─── DATA EXCERPTS ───

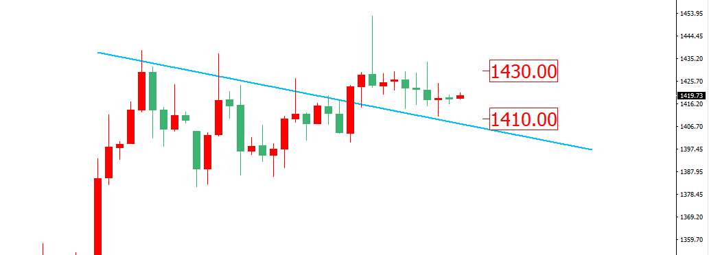 技术上当前黄金仍处于日线级别的前期震荡区间的破位之上,下方支撑在1410附近,但由于上一周金价屡次测试1430压力,体现该位置压力明显,建议日内仍以震荡思路在1410到1430区间进行高抛低吸。
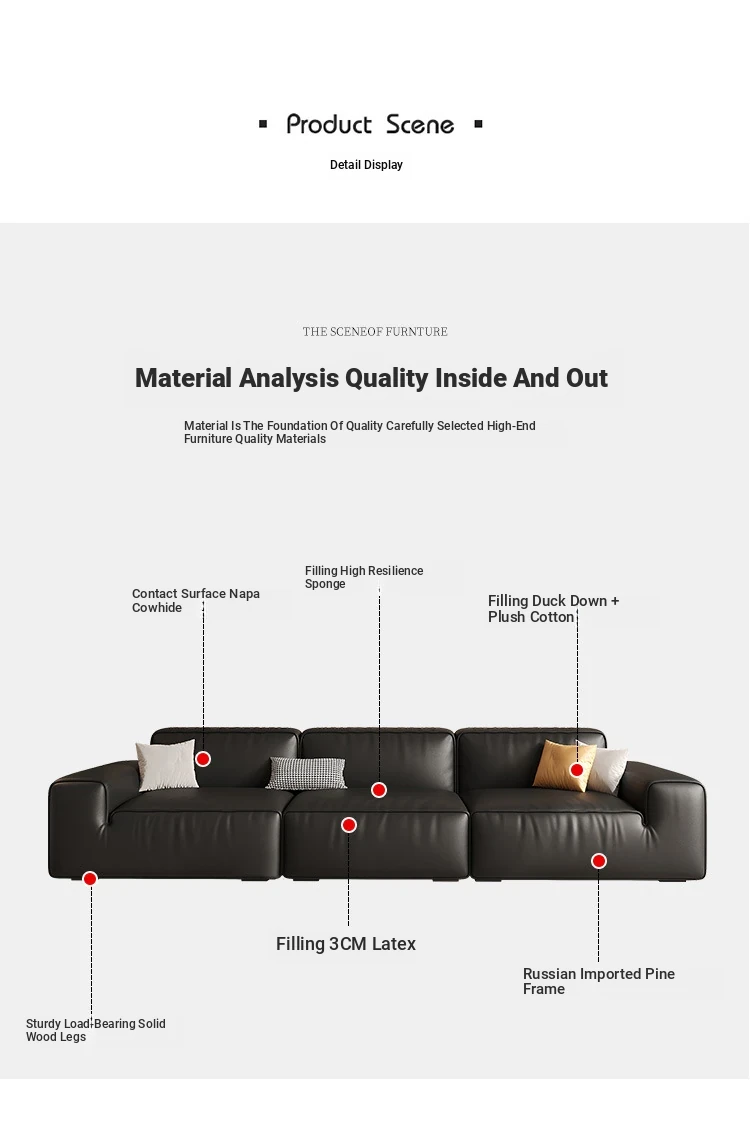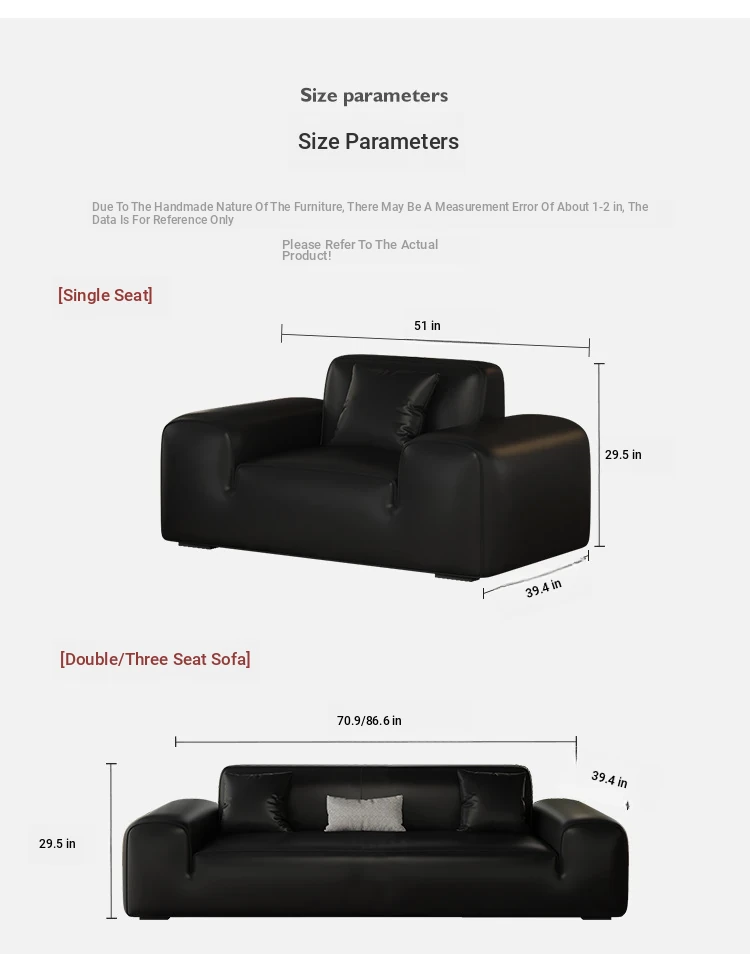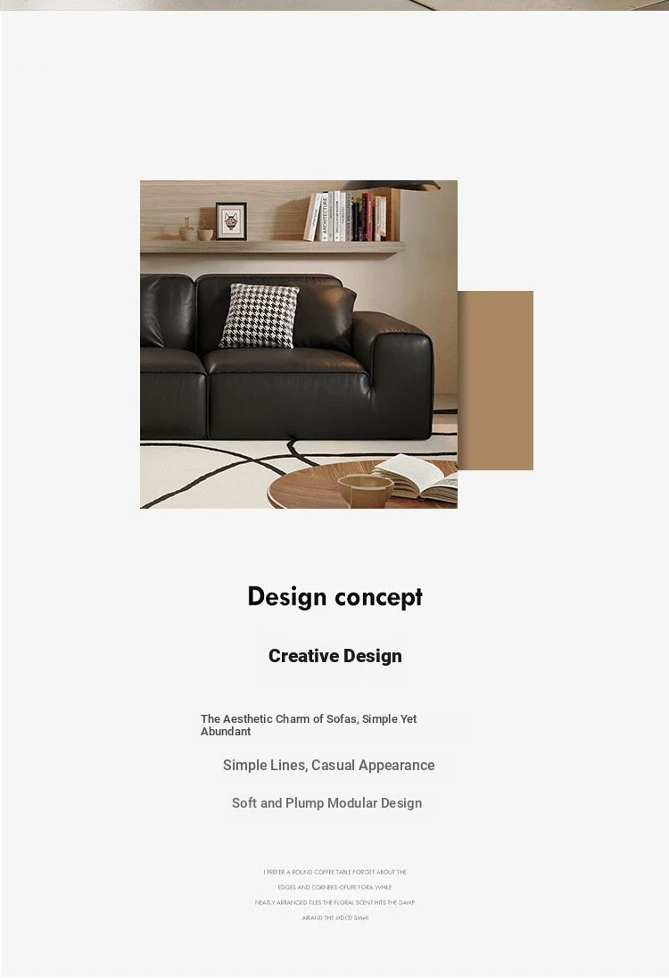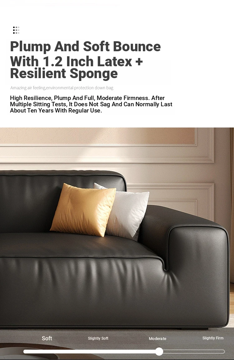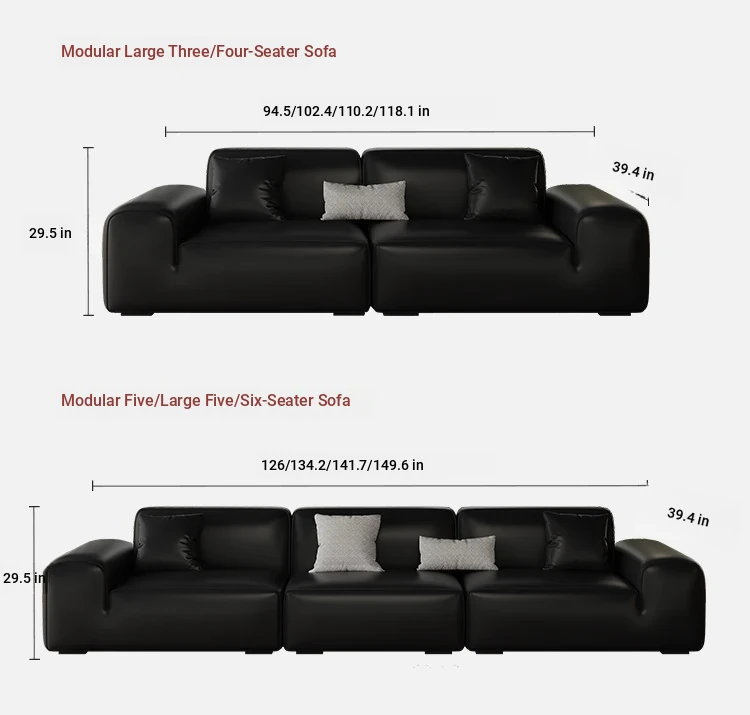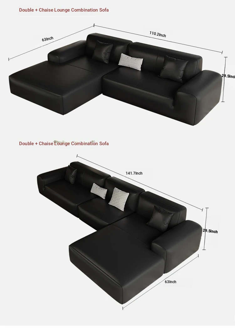 Italian Minimalist Black Leather Sofa - Premium Quality Black Top-Grain Leather Living Room Set for a Luxurious Touch
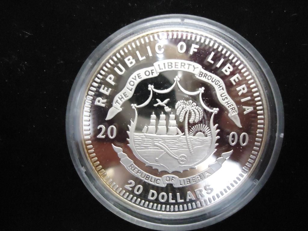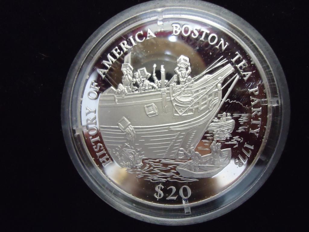 2000 LIBERIA $20 SILVER PROOF (BOSTON TEA PARTY)
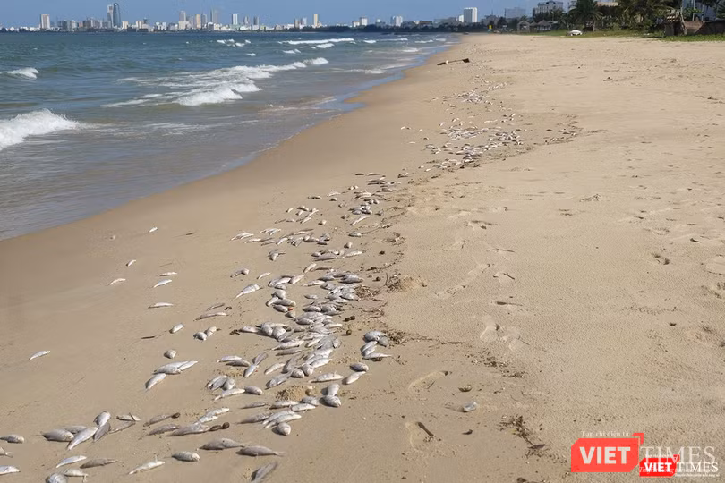 | Cá chết dạt vào bờ biển ở Đà Nẵng |
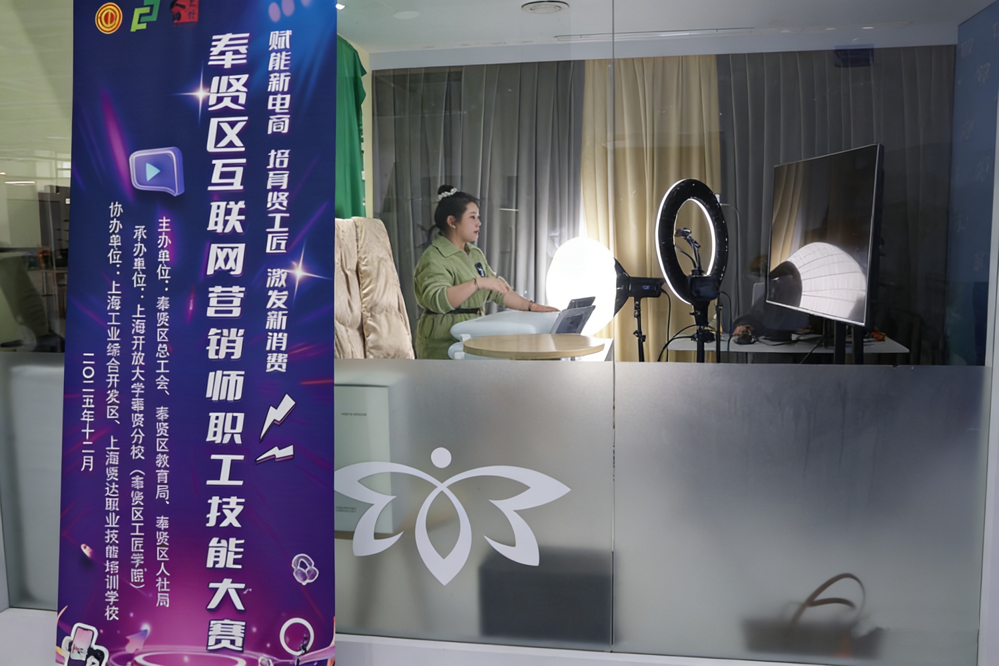 记者观察到,本次比赛参赛选手中,既有运营本土生活账号的自媒体主播,也有在各大平台尝试带货的实践者,更多的是寻求职业新路径的自由职业者与转型者。一位全职在家照顾家庭的参赛者告诉记者,学习直播技能为她打开了新的可能性,使其在兼顾家庭的同时也能拓展个人事业。值得关注的是,本次决赛选手中,超过半数来自奉贤区工匠学院今年开设的“互联网营销师”培训班。该培训班面向社会招生,全年已开设两至三个班级,旨在系统化培养数字营销技能人才。许多学员在完成培训并考取职业技能证书后,选择通过本次大赛进一步锻炼实战能力。
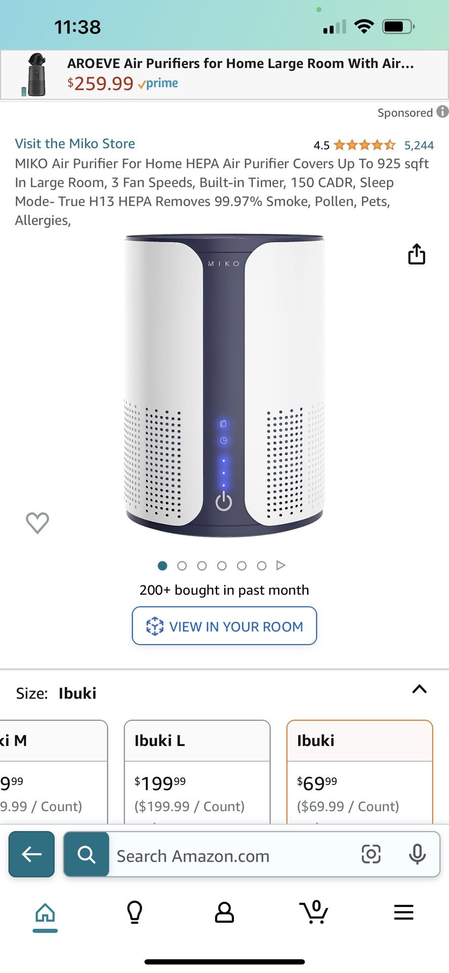 MIKO Air Purifier For Home HEPA Air Purifier Covers Up To 925 sqft In Large Room, 3 Fan Speeds, Built-in Timer, 150 CADR, Sleep Mode- True H13 HEPA Removes 99.97% Smoke, Pollen, Pets, Allergies, Brand new In box. $45
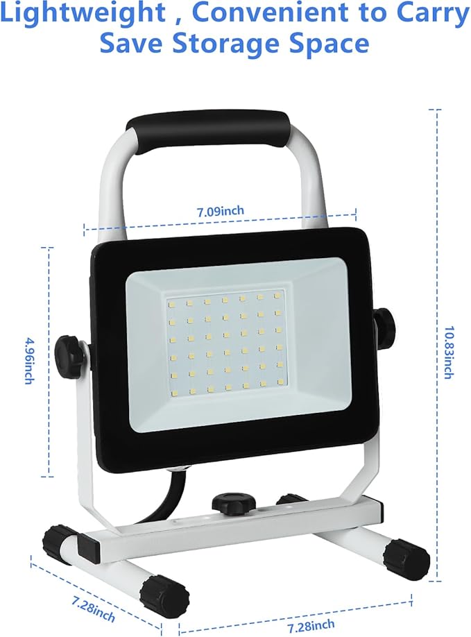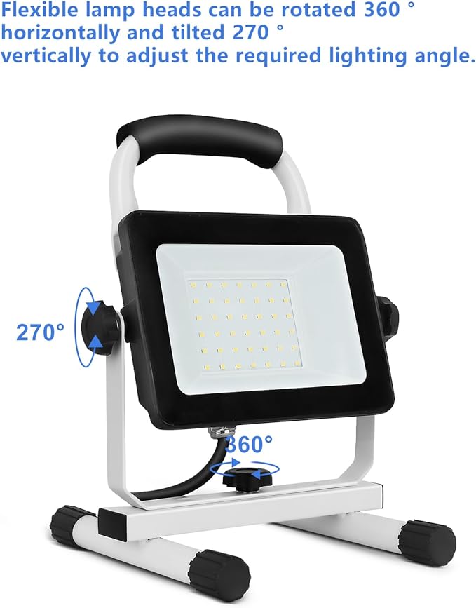 UFOND 4000 Lumen LED Work Light with Stand,40W Waterproof Portable Flood Lights, Worklight Brightness Angle Adjustable, with Switch Power Cord, Suitable for Construction Sites, Garage Workshop
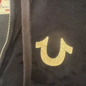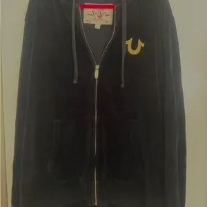 EUC Mens True Religion Black Velvet Zip Up Jacket Gold Logo Hoodie Size 3XL
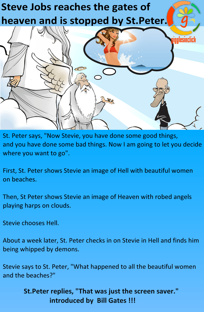 Saint peter stopped Steve Jobs at the pearly gates of heaven.

───

*WHAT YOU SHOULD DO*. Your answer must be the lines from the one containing "UFOND 4000 Lumen" through the final line of the entries, duplicated exactly, with both ends kept and all pictures left out.

*RESULT OF THE EXERCISE*.
 UFOND 4000 Lumen LED Work Light with Stand,40W Waterproof Portable Flood Lights, Worklight Brightness Angle Adjustable, with Switch Power Cord, Suitable for Construction Sites, Garage Workshop
 EUC Mens True Religion Black Velvet Zip Up Jacket Gold Logo Hoodie Size 3XL
 Saint peter stopped Steve Jobs at the pearly gates of heaven.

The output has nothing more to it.